### Task to carry out:
For this exercise, transcribe every line of the material exactly and skip the pictures.

### Exercise data:
■ ■ ■

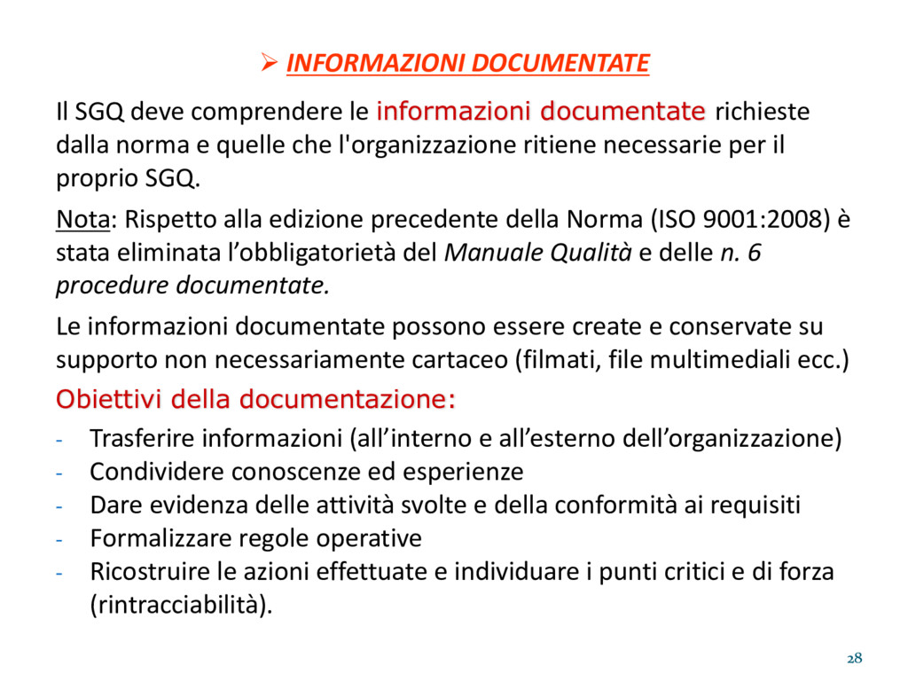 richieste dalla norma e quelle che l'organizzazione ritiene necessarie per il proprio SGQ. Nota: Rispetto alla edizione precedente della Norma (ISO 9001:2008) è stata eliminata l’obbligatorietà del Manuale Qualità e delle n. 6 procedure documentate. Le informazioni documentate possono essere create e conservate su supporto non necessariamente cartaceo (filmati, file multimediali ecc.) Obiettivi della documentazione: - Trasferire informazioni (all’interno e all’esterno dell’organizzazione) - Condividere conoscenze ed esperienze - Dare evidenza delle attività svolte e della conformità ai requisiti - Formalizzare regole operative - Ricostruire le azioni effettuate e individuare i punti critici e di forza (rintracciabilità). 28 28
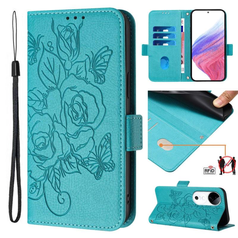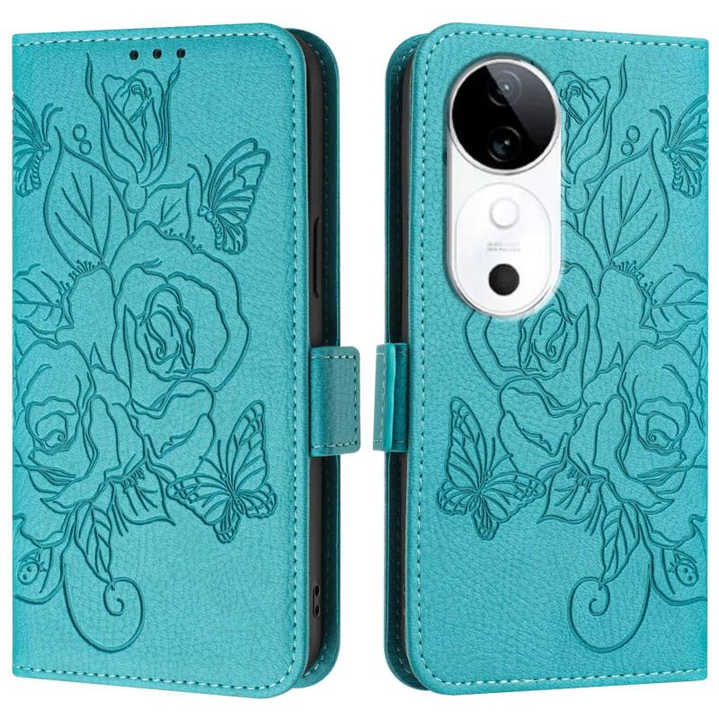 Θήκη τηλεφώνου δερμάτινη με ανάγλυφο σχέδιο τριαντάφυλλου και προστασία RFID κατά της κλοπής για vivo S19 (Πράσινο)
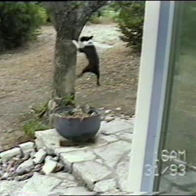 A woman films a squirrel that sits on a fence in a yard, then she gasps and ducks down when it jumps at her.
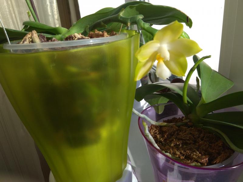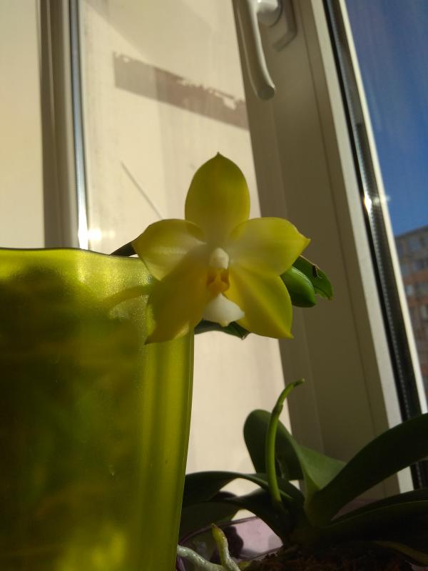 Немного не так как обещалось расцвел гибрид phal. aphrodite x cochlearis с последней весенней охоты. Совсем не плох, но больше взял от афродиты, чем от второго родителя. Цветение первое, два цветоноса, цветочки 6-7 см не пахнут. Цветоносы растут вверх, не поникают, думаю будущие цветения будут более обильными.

■ ■ ■

### Answer box:
 richieste dalla norma e quelle che l'organizzazione ritiene necessarie per il proprio SGQ. Nota: Rispetto alla edizione precedente della Norma (ISO 9001:2008) è stata eliminata l’obbligatorietà del Manuale Qualità e delle n. 6 procedure documentate. Le informazioni documentate possono essere create e conservate su supporto non necessariamente cartaceo (filmati, file multimediali ecc.) Obiettivi della documentazione: - Trasferire informazioni (all’interno e all’esterno dell’organizzazione) - Condividere conoscenze ed esperienze - Dare evidenza delle attività svolte e della conformità ai requisiti - Formalizzare regole operative - Ricostruire le azioni effettuate e individuare i punti critici e di forza (rintracciabilità). 28 28
 Θήκη τηλεφώνου δερμάτινη με ανάγλυφο σχέδιο τριαντάφυλλου και προστασία RFID κατά της κλοπής για vivo S19 (Πράσινο)
 A woman films a squirrel that sits on a fence in a yard, then she gasps and ducks down when it jumps at her.
 Немного не так как обещалось расцвел гибрид phal. aphrodite x cochlearis с последней весенней охоты. Совсем не плох, но больше взял от афродиты, чем от второго родителя. Цветение первое, два цветоноса, цветочки 6-7 см не пахнут. Цветоносы растут вверх, не поникают, думаю будущие цветения будут более обильными.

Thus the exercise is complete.